The county's $1.3 billion 2008 budget anticipates about $10 million in savings from the deal to reduce its annual payment to about $39 million. The pension fund is funded at about 70%, and without any action annual payments will continue to rise. The county was not required to make payments to the once flush system in 2000, made a $2.4 million payment in 2002, a $2.1 million payment in 2003, a $15 million payment in 2003 then jumping to more than $35 since 2004

A working group made up of various legislative, county board, and county administration officials will decide whether to proceed with a financing and if so, would conduct a competitive search for underwriters. The deal's possible timing will ultimately depend on interest rates, according to Cady.
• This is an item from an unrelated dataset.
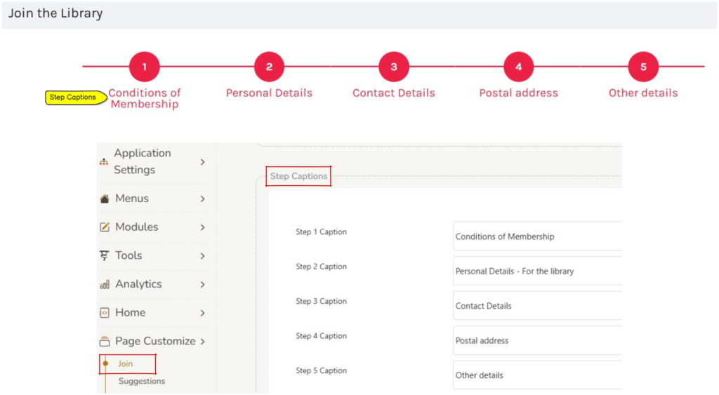 These can each be edited in Page Customize > Join > Step Captions.

Any deal would still require the approval of the county board and some members have raised concerns over the risk associated with taking on debt to pay off another debt and one that requires a certain level of investment earnings to work in the county's favor. Supporters have argued that both the city of Milwaukee and the state of Wisconsin have taken similar steps in recent years to address their unfunded pension liabilities.

Moody's Investors Service cited the escalating pension costs as a factor in its decision in 2006 to assign a negative outlook to the county's credit. Moody's rates Milwaukee County Aa3, while Fitch Ratings and Standard & Poor's rate it AA.

The pension liability has skyrocketed in large part because of a series of enhanced pension benefits approved in 2001 by the board and former county executive F. Thomas Ament, which prompted a wave of early retirements. Prior to 2000, the plan was fully funded and did not require an annual contribution.

Separately, the county faces an unfunded liability of $1.4 billion for other post-employment benefits, such as health care, although officials want to first shore up the pension fund before addressing how best to deal with the OPEB liability.